A pupil of Napoleone Nani (Venice, 1841 - 1899) at the Accademia Cignaroli in Verona, Angelo Dall'Oca Bianca immediately made a name for himself with the lenticular realism he learned from the master, ignited by a vibrant colorism à la Favretto, mobile, imbued with light, all rendered with an absolutely peculiar and extremely elegant stylistic formula. His paintings, populated by a gay and lively humanity, fully embody the taste for genre painting that was so internationally appreciated at the end of the 19th century.
Marking the stages of Dall'Oca's growing success are his participations in the Brera (1880), Milan (1881), Rome (1882), Munich (1883), and Turin (1884, 1898) Expositions and his countless international awards: the Prince Umberto Prize at the Milan Exposition (1886), the bronze medal at the Paris World's Fair (1889), the silver medal at the National Review of Palermo (1891-1892), gold medals at the Universal Expositions of Chicago (1893) and Antwerp (1894), Paris (1900) and Saint Louis (1904), and the first prize at the Rome International (1904).

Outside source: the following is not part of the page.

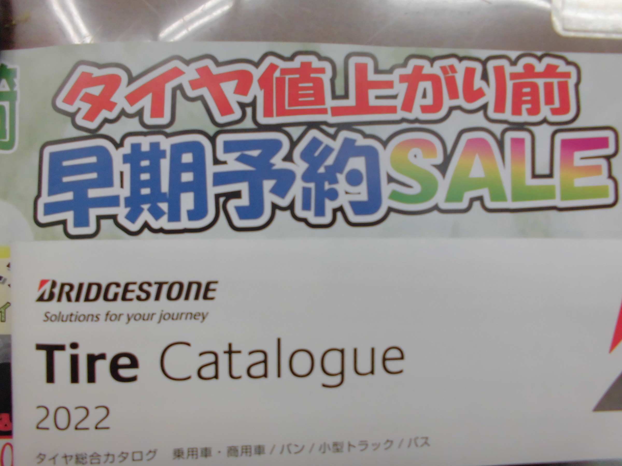 タイヤ値上がり前 ポスト 2022年3月18日 こんにちは。 3/19(土)より3/31日までタイヤ値上がり前 予約セール開催します。 夏タイヤご検討中の方は是非この機会にお求めください 予約頂ければ作業は4月にはいってからでも大丈夫です。

The numerous awards go hand in hand with exceptional sales to a prestigious clientele, both public and private: from the City Hall to the Galleria Nazionale d'Arte Moderna in Rome, from the Brooklyn Museum of Art in New York to the Museu Municipal de Belles Arts in Barcelona, from Victor Emmanuel III, who buys some paintings for the royal villa in Monza, to wealthy collectors from all over the world.
The Budapest International in 1901 devoted a room to Dall'Oca with fifty-six of his works, while at the 10th Venice Biennale in 1912 he was given a section with no less than eighty-three works, presented in the catalog with an introduction by the artist himself.
Starting roughly from these dates we see a reformulation of the artist's painting style, now marked by the singular, highly original coexistence of Symbolist echoes and Divisionist presentiments. Emblematic of the new course of Dall'Oca's painting is this very elegant self-portrait of 1914. Having abandoned the glowing realism that had consecrated his fame, while at the same time caging his happiness of inspiration within expressive stereotypes that had become mannered with the passage of time, the artist finally indulges in a creative freedom that once again proves to be highly modern. An unprecedented stylistic figure, all the more interesting because it is genuine and in tune with the European artistic temperament of the early 20th century.
The long, filamentous brushstrokes, the fast, restless sign, return the features of a decidedly fascinating man, aware of his own stage presence. Of this eminent figure of an artist, protagonist of the Veronese scene at the turn of the 19th and 20th centuries, countless portraits are known, but all of them later than this one.